Its was a mechanic who gave me that little gem of information, i will stick to Copper Slip then will never find out if i am right or wrong.


----------



## JaggyNI (17 Apr 2012)

Sorry to hijack the thread sort of, still along the same subject line! Has anyone ever used White Lightning Epic Ride Lubricant?


----------



## Fab Foodie (17 Apr 2012)

JaggyNI said:


> Sorry to hijack the thread sort of, still along the same subject line! Has anyone ever used White Lightning Epic Ride Lubricant?

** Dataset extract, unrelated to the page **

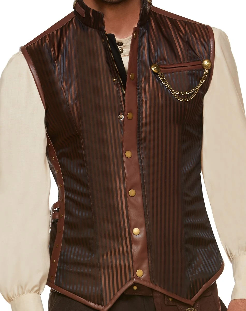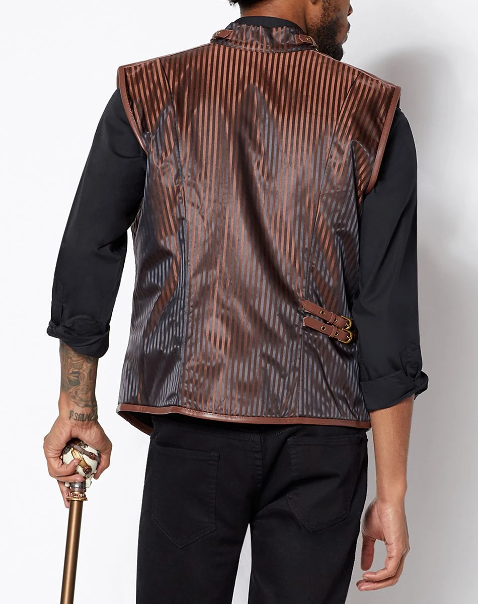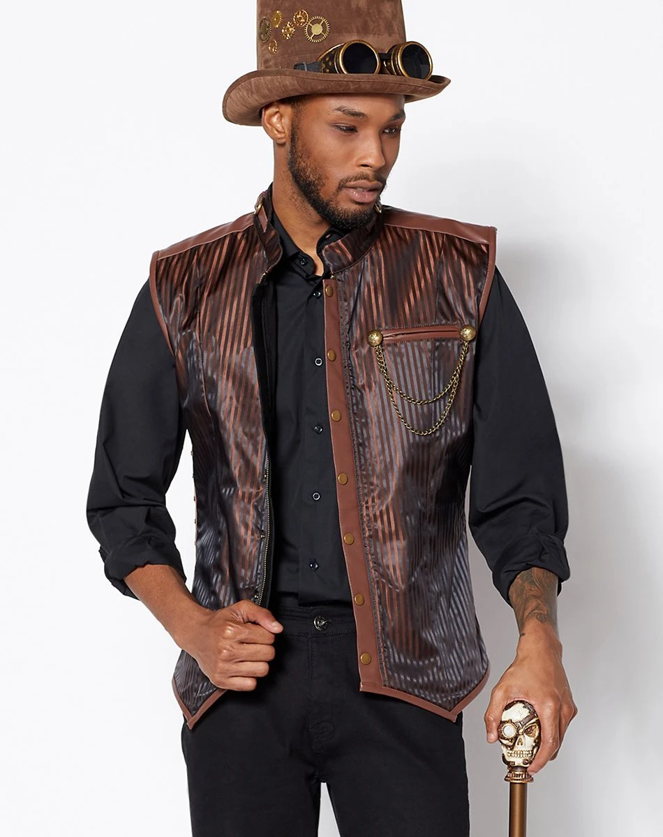 Get ready for the most epic Halloween ever! You’ll bring steampunk to life when you button up this striped steampunk vest! Snap and zipper closure makes for easy dressing. Chain detail at pocket adds a little extra character to this look and will blow away the competition at every party. Buckle detail at the collar and sides is fully functioning and adds dimension you never knew existed! Faux leather shoulders and lining for a sophisticated look that is all your own!

No, but I've used KY Jelly after a few hours ....


----------



## tyred (18 Apr 2012)

Fab Foodie said:


> No, but I've used KY Jelly after a few hours ....


 
On your cup and cone bottom bracket?


----------



## Fab Foodie (18 Apr 2012)

tyred said:


> On your cup and cone bottom bracket?


 Where-else!


----------



## tyred (18 Apr 2012)

Fab Foodie said:


> Where-else!


 
Headset?


----------



## Fab Foodie (18 Apr 2012)

tyred said:


> Headset?


 Ah-headset, not forgetting nipples too ....


----------



## slowmotion (19 Apr 2012)

Just to return to FiveLeavesLeft's question...... lube the rear mech pivots with GT85? What about the idler wheels? Grease, oil, or GT85?

Thank you


----------